Vital Audio JEPA V3
V3 adds semantic and preset-aware training signals to the masked audio JEPA encoder. It is trained on 74,685 parameter-aware renders produced by Vital 1.6.4 from 7,394 unchanged parent presets.
Input
- 22,050 Hz mono PCM audio
- exactly 6.0 seconds
- 128-bin log-mel spectrogram
- 1024-sample FFT and 256-sample hop
- 16x16 spectrogram patches: an 8x32 grid with 256 tokens
V3 changes
- category- and parent-balanced batches
- guaranteed pairs of different MIDI-note renders from the same parent
- cross-parent supervised contrastive learning over a cleaned seven-class taxonomy
- note-invariance contrastive learning only for performance variants
- auxiliary coarse-category, mutation-group, and mutation-delta heads
- parent-disjoint train, validation, and test splits
The coarse taxonomy merges related noisy PresetShare labels into bass,
drums, fx, keys, lead, pad, and rhythm.
Training
- 35,894,930 parameters total; 21,698,450 trainable
- 70,974 clips / 7,022 parents for training
- 1,860 clips / 186 parents for validation
- 1,851 clips / 184 parents for the untouched V3 test split
- batch size 64, bfloat16, AdamW
- 20 epochs / 22,160 optimizer steps
- RTX PRO 4500 Blackwell
- full training time: 1,928.8 seconds (32.1 minutes)
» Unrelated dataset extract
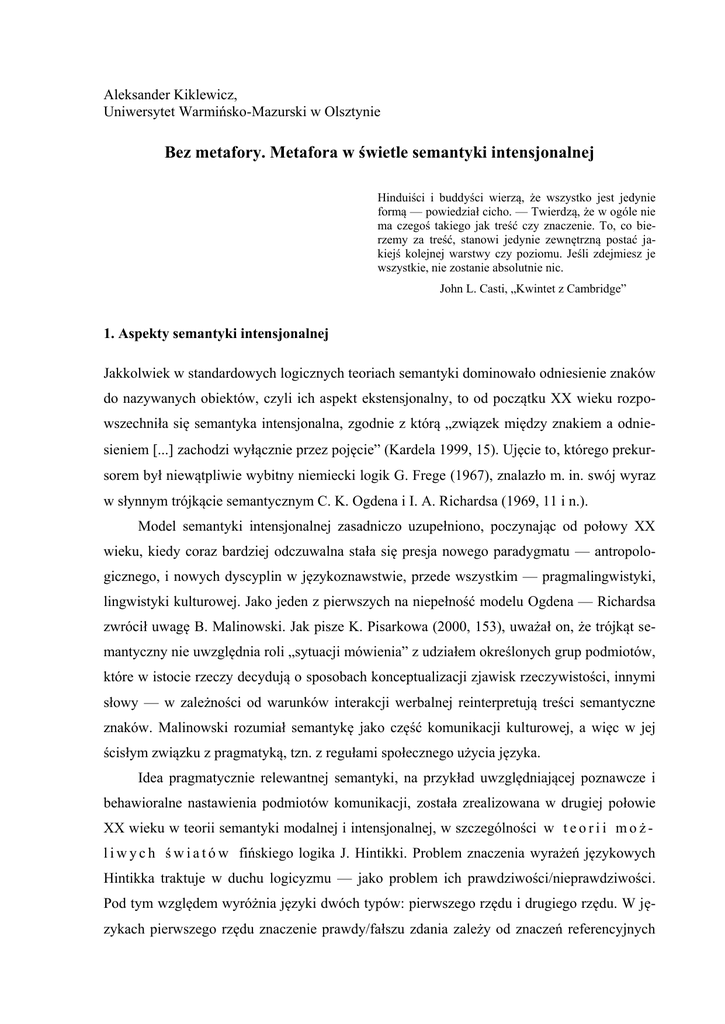 Aleksander Kiklewicz, Uniwersytet Warmińsko-Mazurski w Olsztynie Bez metafory. Metafora w świetle semantyki intensjonalnej Hinduiści i buddyści wierzą, że wszystko jest jedynie formą — powiedział cicho. — Twierdzą, że w ogóle nie ma czegoś takiego jak treść czy znaczenie. To, co bierzemy za treść, stanowi jedynie zewnętrzną postać jakiejś kolejnej warstwy czy poziomu. Jeśli zdejmiesz je wszystkie, nie zostanie absolutnie nic. John L. Casti, „Kwintet z Cambridge” 1. Aspekty semantyki intensjonalnej Jakkolwiek w standardowych logicznych teoriach semantyki dominowało odniesienie znaków do nazywanych obiektów, czyli ich aspekt ekstensjonalny, to od początku XX wieku rozpowszechniła się semantyka intensjonalna, zgodnie z którą „związek między znakiem a odniesieniem ... zachodzi wyłącznie przez pojęcie” (Kardela 1999, 15). Ujęcie to, którego prekursorem był niewątpliwie wybitny niemiecki logik G. Frege (1967), znalazło m. in. swój wyraz w słynnym trójkącie semantycznym C. K. Ogdena i I. A. Richardsa (1969, 11 i n.). Model semantyki intensjonalnej zasadniczo uzupełniono, poczynając od połowy XX wieku, kiedy coraz bardziej odczuwalna stała się presja nowego paradygmatu — antropologicznego, i nowych dyscyplin w językoznawstwie, przede wszystkim — pragmalingwistyki, lingwistyki kulturowej. Jako jeden z pierwszych na niepełność modelu Ogdena — Richardsa zwrócił uwagę B. Malinowski. Jak pisze K. Pisarkowa (2000, 153), uważał on, że trójkąt semantyczny nie uwzględnia roli „sytuacji mówienia” z udziałem określonych grup podmiotów, które w istocie rzeczy decydują o sposobach konceptualizacji zjawisk rzeczywistości, innymi słowy — w zależności od warunków interakcji werbalnej reinterpretują treści semantyczne znaków. Malinowski rozumiał semantykę jako część komunikacji kulturowej, a więc w jej ścisłym związku z pragmatyką, tzn. z regułami społecznego użycia języka. Idea pragmatycznie relewantnej semantyki, na przykład uwzględniającej poznawcze i behawioralne nastawienia podmiotów komunikacji, została zrealizowana w drugiej połowie XX wieku w teorii semantyki modalnej i intensjonalnej, w szczególności w t e o r i i m o ż l i w y c h ś w i a t ó w fińskiego logika J. Hintikki. Problem znaczenia wyrażeń językowych Hintikka traktuje w duchu logicyzmu — jako problem ich prawdziwości/nieprawdziwości. Pod tym względem wyróżnia języki dwóch typów: pierwszego rzędu i drugiego rzędu. W językach pierwszego rzędu znaczenie prawdy/fałszu zdania zależy od znaczeń referencyjnych 2 jego składników. Innymi słowy, w języku pierwszego rzędu wszystko, co jest niezbędne dla rozumienia informacji, zawarte jest w jego systemie semantycznym, tzn. w regułach nominacji przyporządkowujących określonym znakom określone grupy desygnatów. Do języków pierwszego rzędu należy język opisywany w „Traktacie” L. Wittgensteina — u jego podstaw „znajduje się dany, ustalony zbiór relacji między nazwami a przedmiotami” (Hintikka 1992, 300). Zasadnicze novum koncepcji Hintikki polega na tym, że zaproponował on traktowanie znaczenia intensjonalnego (pojęciowego) znaku (czyli „sensu” w teorii G. Fregego) jako funkcji: Sinn [...] jest funkcją. Zawiera on [...] poza odniesieniem przedmiotowym również sposób, w jaki jest ono nam dane. A mówienia o „sposobach bycia danym” nie można oczywiście w ostatecznym rozrachunku rozumieć inaczej niż funkcjonowanie. Sensy wyrażeń i sensy aktów są po prostu funkcjami wyznaczającymi, odpowiednio, ich odniesienia przedmiotowe i przedmioty (Hintikka 1992, 131 i n.). Każdej funkcji jest przyporządkowany określony zakres znaczeń. W wypadku funkcji semantycznej (czy też intensjonalnej) chodzi o zespół odniesień referencyjnych, które są zgodne z sensem znaku. Odniesienia przedmiotowe znaku są traktowane jako sytuacje jego użycia czy też jako m o ż l i w e ś w i a t y (dalej: referencyjne możliwe światy). W terminologii Hintikki „pojęcia, sensy są ... funkcjami przeprowadzającymi możliwe światy w odniesienia przedmiotowe” (ibidem, 132). Możliwe światy definiuje się jako wszelkie zrealizowane i niezrealizowane stany rzeczy i przebiegi zdarzeń. [...] Z technicznego punktu widzenia, wymienienie tego, co a wie (w świecie W) oznacza wyszczególnienie możliwych światów, alternatywnych (dokładniej, epistemicznie a-alternatywnych) względem W, to jest zgodne z tym, co a wie w W (ibidem, 158). Można, pisze Hintikka, coś powiedzieć o następnym gubernatorze Kalifornii, nie myśląc jednak o żadnej konkretnej osobie, ponieważ „zwrot następny gubernator Kalifornii oznacza różnych polityków w różnych przebiegach zdarzeń, o których sądzę, że są możliwe” (ibidem, 160). Z tego wynika, że w semantyce możliwych światów należy brać pod uwagę odniesienia przedmiotowe wyrażeń w więcej niż jednym „świecie” [...] Musimy [...] dla każdego pierwotnego wyrażenia naszego języka założyć [...] funkcję (funkcję znaczeniową) określającą jego odniesienie przedmiotowe (o ile takie posiada) w różnych możliwych scenariuszach („światach”). Co przedtem, na przykład, stanowiło nazwę o odniesieniu przedmiotowym w postaci pojedynczego indywiduum, teraz ma jako swoje znaczenie (odniesienie przedmiotowe) pewną funkcję („funkcję indywiduacyjną”), która dla każdego świata z osobna określa właściwe dla niego szczególne wcielenie wspomnianego indywiduum (ibidem, 301 i n.). 3 Istnienie możliwych światów jest uwarunkowane intensjonalnymi stanami podmiotów, tzn. ich „skierowaniem na pewien przedmiot”. Jakkolwiek sens (pojęcie) zależy od konceptualizacji, którą narzuca użytkownikom języka system semantyczny (konwencje semantyczne), to nominacja znaków językowych zależy przede wszystkim od ukierunkowania podmiotu: „Ta sama funkcja, która w naszym

Step 4,000 was selected using validation retrieval. Later checkpoints reduced masked JEPA loss but did not improve semantic retrieval.
Untouched parent-held-out test results
All retrieval results exclude every variant sharing the query's parent.
| Model | Taxonomy | Random top-1 | Top-1 | Top-5 | MRR@10 |
|---|---|---|---|---|---|
| V2 step 15,000 | coarse | 19.12% | 43.38% | 65.32% | 0.5304 |
| V3 step 4,000 | coarse | 19.12% | 48.57% | 65.75% | 0.5671 |
| V2 step 15,000 | fine | 12.54% | 27.71% | 49.27% | 0.3708 |
| V3 step 4,000 | fine | 12.54% | 35.76% | 51.92% | 0.4348 |
The V3 coarse-category head reaches 62.45% accuracy on the same unseen test parents. The experimental recipe-group head does not generalize: it predicts the performance class for the test set, yielding 29.34% accuracy. Do not use that head as a reliable mutation classifier. The representation and category results remain valid, and the failed auxiliary result is included explicitly in the evaluation report.
Intended use
This encoder is a retrieval and initialization baseline for editable Vital sound design. It is not an exact audio-to-preset reconstruction model. Coarse category retrieval is only a proxy for perceptual usefulness, and sparse fine labels such as vox, drone, and reese remain weak.
checkpoints/jepa_v3/selected.pt is the optimizer-free selected checkpoint.
See eval_runs/jepa_v3/ for checkpoint selection, coarse/fine test reports,
controlled V2 baselines, embeddings, and the full training log.